Good Point.  In my experience, though, I never build SLI for someone else.  My standard is to keep everything about the machine and operating system as simple as possible. It lessens those calls that stuff doesn't work when I am on my time off.  And the airflow in this Fractal series is good enough it will never throttle with just a single card.


----------



## Sp33d Junki3 (Nov 3, 2016)

silapakorn said:


> Only two 3.5" drive bays are not enough for me, especially nowadays that games are 50+ GB.
> I hate that they remove 5.2" drive bays and replace them with nothing. What a waste of space.


You have 3x 2.5" space to fit 1TB SSD. Plenty for games. 
The 5.25" bays no one really uses them. It is not wasted space, it gives clear direct airflow for fans and rads to fit 360 in front. 
It is same style as Define S, NZXT S340 and many others like it.
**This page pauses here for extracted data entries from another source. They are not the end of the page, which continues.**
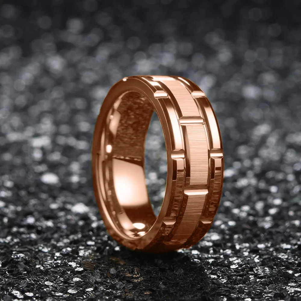 Rings Style 27Double Groove Brick Pattern Brushed Rings
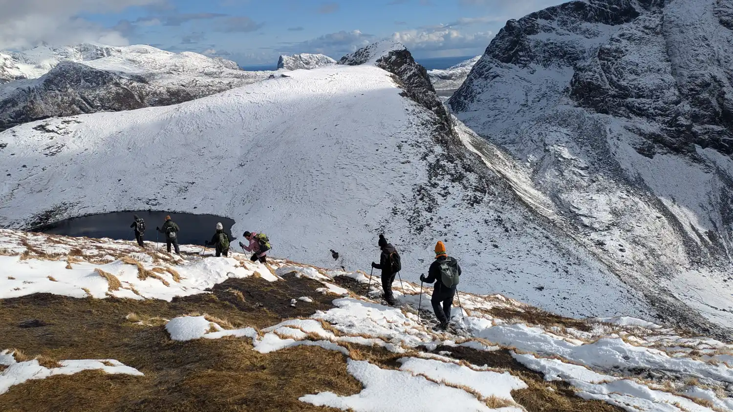 After photos, rest, and reflection, we descend together, returning to the starting point with tired legs, warm hearts, and lasting memories from a true winter hiking adventure in Lofoten.
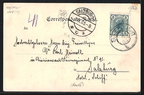 alte Ansichtskarte, gelaufen 1905, guter Zustand
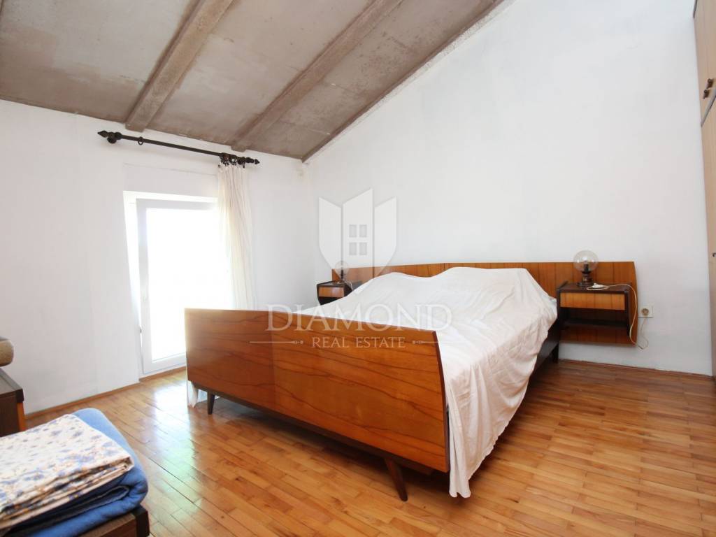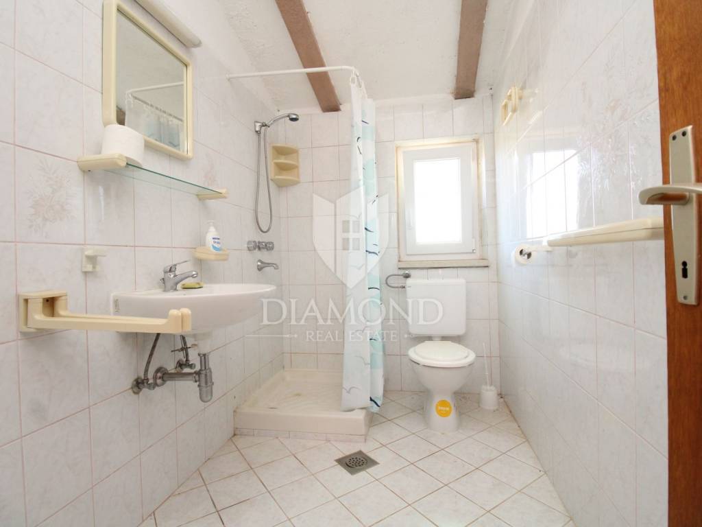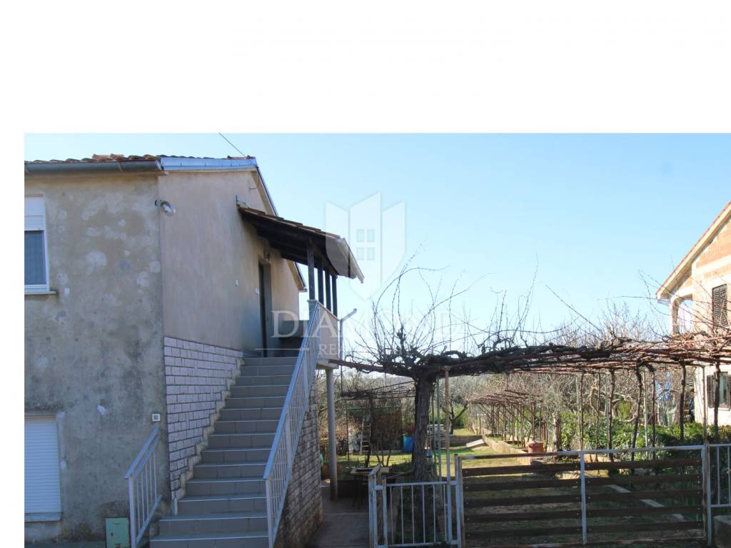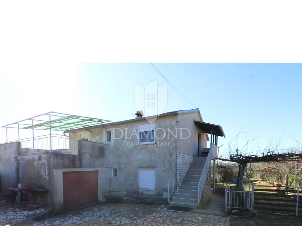 A house with two residential units and a spacious garden is located a few minutes' drive from Marčana. The house consists of two floors, of which the ground floor and the first floor are made, the garden belonging to the house is completely built. The ground floor of the house consists of a hallway, dining room and kitchen connected to a living room with access to a covered terrace with a view of the olive grove, bathrooms and two bedrooms, and the ground floor needs renovation. The first floor of the house also consists of a dining room and a kitchen connected to the living room, which has access to an open terrace with a view of the untouched greenery of nature and the Adriatic Sea, a bathroom and two bedrooms, of which the master bedroom has a spacious terrace under which there is a garage. Due to its position and the tranquility of the place where the property is located, it can be ideal for a family house or an investment property with minor adaptations. All the necessary facilities for life are located in the immediate distance from the house itself.

If you want optical bay, R5 is close to it.


----------



## Ferrum Master (Nov 3, 2016)

Sp33d Junki3 said:


> The 5.25" bays no one really uses them



Completely agree... I even ditched 3.5inch drives for 2.5 ones. One SSD and one laptop leftover HDD for spammy data.


----------



## Caring1 (Nov 3, 2016)

MadsMagnus said:


> The problem isn't the bottom GPU though, it's the one that has limited air intake (PCIe 1)........ you need to have a side intake to make sure the cards don't throttle after X amount of time.


If the front fans are unobstructed, you don't need side fans, the air flow from them should be adequate to supply fresh air to all cards.


----------



## Jermelescu (Nov 7, 2016)

How's the noise reduction factor on this case?


----------



## Bjørgersson (Nov 11, 2016)

How quiet could those stock fans be?


----------



## Freelancer (Nov 25, 2016)

Hi all,

Is heat a concern for 3.5" drives without any airflow below the shroud?  I'm planning for a new PC and intend to use 1 SSD and 1 HD (maybe 2TB).


----------



## Kofoed (Nov 25, 2016)

Would you recommend this over the Corsair Carbide 400Q?

Thanks in advanced.


----------



## Bjørgersson (Nov 30, 2016)

seggbizo said:


> How quiet could those stock fans be?


I think they're even quieter than my previous SWiF2s.



Kofoed said:


> Would you recommend this over the Corsair Carbide 400Q?
> 
> Thanks in advanced.


I totally would. I've seen both irl and I chose Fractal, I think it's higher quality and I've always preferred Fractal over Corsair. But that's just me.


----------



## Kofoed (Dec 1, 2016)

So I got the Define c myself yesterday, the installation was quite easy. Nice cable management.. Overall very good case, my only flaw is that is it not as quiet as I had hoped for.
Compared to my old HAF 932 it is quite a bit quieter, but once it heats up a bit it becomes quite loud.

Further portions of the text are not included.